- _To do_
Below this line is the material. Write out only its lines from the one containing "La decisión, tras" through the one containing "追加後、メニュー項目の「表示内容」を編集することも可能です。(表示名など)", both kept, exactly.

- _Source data_

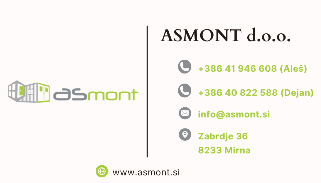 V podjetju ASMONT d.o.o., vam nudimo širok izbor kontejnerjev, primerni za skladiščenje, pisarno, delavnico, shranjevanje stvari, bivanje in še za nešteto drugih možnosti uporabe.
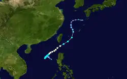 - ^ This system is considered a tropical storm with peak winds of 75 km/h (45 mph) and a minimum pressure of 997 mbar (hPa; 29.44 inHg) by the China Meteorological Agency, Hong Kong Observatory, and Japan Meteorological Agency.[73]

==

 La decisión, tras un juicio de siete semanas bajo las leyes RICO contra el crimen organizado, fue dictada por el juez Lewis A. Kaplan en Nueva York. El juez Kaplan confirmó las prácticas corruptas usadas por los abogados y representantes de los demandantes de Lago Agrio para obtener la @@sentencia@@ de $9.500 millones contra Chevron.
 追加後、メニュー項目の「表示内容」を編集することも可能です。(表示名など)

- _Result of the exercise_
 La decisión, tras un juicio de siete semanas bajo las leyes RICO contra el crimen organizado, fue dictada por el juez Lewis A. Kaplan en Nueva York. El juez Kaplan confirmó las prácticas corruptas usadas por los abogados y representantes de los demandantes de Lago Agrio para obtener la @@sentencia@@ de $9.500 millones contra Chevron.
 追加後、メニュー項目の「表示内容」を編集することも可能です。(表示名など)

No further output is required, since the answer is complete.